X: Matrix - variable X is of type Matrix
*X: Matrix - variable X is abstract
to_SingleCellExperiment(): SingleCellExperiment - function to_SingleCellExperiment returns object of type SingleCellExperiment
*to_SingleCellExperiment() - function to_SingleCellExperiment is abstract

OO-framework

S4, RC, or R6?

S4 offers formal class definitions and multiple dispatch, making it suitable for complex projects, but may be verbose and slower compared to other systems.
RC provides reference semantics, familiar syntax, and encapsulation, yet it is less popular and can have performance issues.
R6 presents a simple and efficient OOP system with reference semantics and growing popularity, but lacks multiple dispatch and the formality of S4.
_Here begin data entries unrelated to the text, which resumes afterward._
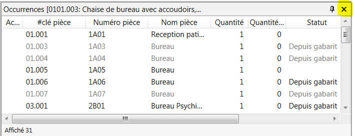 Pour supprimer des fenêtres de l'interface, il suffit de cliquer sur le symbole X situé à droite de l'en-tête de la fenêtre ;
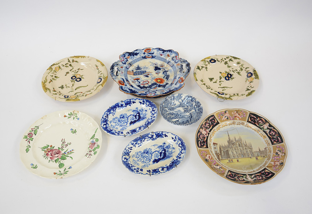 Manifatture diverse. Lotto composto da cinque piatti, un vassoio tondo biansato, una ciotola e due vassoietti ovali in ceramica con misure e decori diversi (difetti e vecchi restauri)
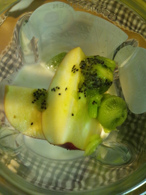 材料は、キウイフルーツ2個・りんご半分・牛乳少々。
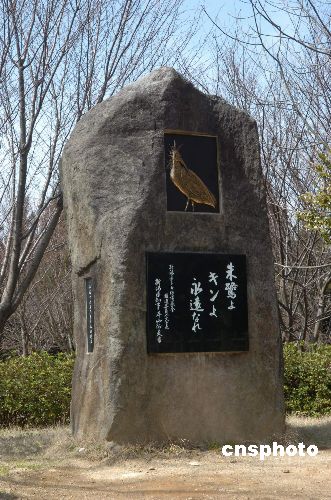 根据四月十一日在东京发表的《中日联合新闻公报》,中国将再度赠送日本两只朱鹮。日本由于十九世纪末叶开始的滥捕和生态破坏,原产朱鹮渐渐灭绝。图为在日本佐渡朱鹮保护中心朱鹮森林公园内为纪念二○○三年死去的日本最后一只原产朱鹮而树立的石碑。中新社发 王健 摄
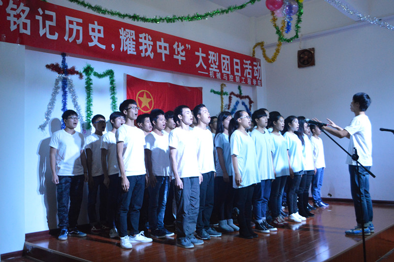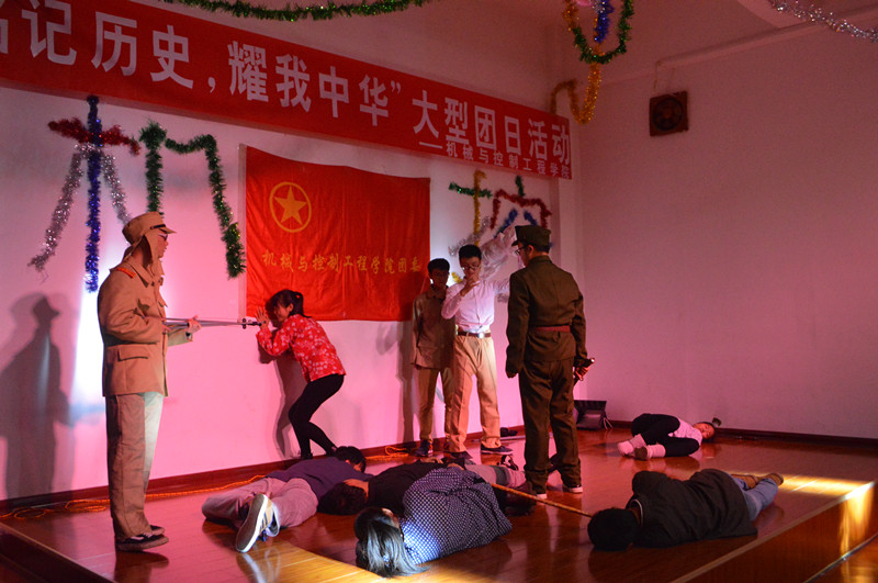 首先,刘金良老师为本次团日活动致开幕辞。然后,合唱团为大家带来《中国共产主义青年团之歌》,全体肃立,齐唱团歌。之后的节目,经典的诗朗诵《黄河颂》,展示了黄河桀骜不驯的血性和中华民族的英雄气概;精彩的话剧表演《虎门销烟》,传民族英雄林则徐大义凛然之气;小品《英雄儿女》,扬革命英雄顽强不屈之威;话剧《南京魂》,揭露了日军的暴行;歌曲《走进新时代》,歌颂了新中国成立后的巨大改变。一个个节目使得同学们赞口不绝。活动最后,同学们在活动中心一楼进行了 “运输炸药包”、“狼牙山五壮士”、“鬼子进村”等趣味游戏,斗智斗勇的班级比拼激起了同学们的巨大热情。
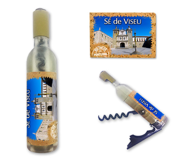 Magnetic in 11,5x2,5cm, bottle format, with capsule openers and corkscrews. Application of printed natural cork, in individual packaging.

Choosing an OOP system depends on the project requirements, developer familiarity, and desired balance between formality, performance, and ease of use.

Approach

Implement inheritance objects for AbstractAnnData, HDF5AnnData, InMemoryAnnData
Only containing X, layers, obs, var for now
Implement base R S3 generics
Implement read_h5ad(), $write_h5ad()
Implement $to_SingleCellExperiment()
Add simple unit tests

Optional:

Add more fields (obsp, obsm, varp, varm, ...) --> see class diagram
Start implementing MuData
Implement $to_Seurat()
Implement ZarrAnnData
Implement ReticulateAnnData
Implement Bioconductor S3 generics

Challenges - Previously encountered issues

Below are previously encountered issues when reading h5ad files using hdf5r. They could be
to create test cases.

mojaveazure/seurat-disk#10: Conversion error with SeuratDisk when copying uns
PMBio/MuDataSeurat#8: PCA loadings issue

No test data yet:

PMBio/MuDataSeurat#14: H5Dvlen_reclaim invalid argument

Roadmap

Should we create a public road map / can I add the following items to the project board?

Before release 0.1.0:

Add News.md (#57)
Implement HDF5 base slot setters
Implement from_SingleCellExperiment (#59)
Implement from_Seurat (#60)
Release anndataR 0.1.0

Parallel to current release cycle:

Create functionality status tracker? (#53)
Create site with pkgdown (#61)

After release 0.1.0:

Add extra slots (varm, varp, obsm, obsp) to AbstractAnnData (#50)
- Implement InMemory extra slots (getters and setters)
- Implement HDF5 extra slots (getters and setters)
- Implement SingleCellExperimentConverter extra slots
- Implement SeuratConverter extra slots
Implement ReticulateAnnData (#48)

Answer 1 · 2023-05-03T14:47:04.000Z

All sounds good with me. Should we also start to be more disciplined about version number bumps with merges to the main branch? Maybe there's automation for that too...?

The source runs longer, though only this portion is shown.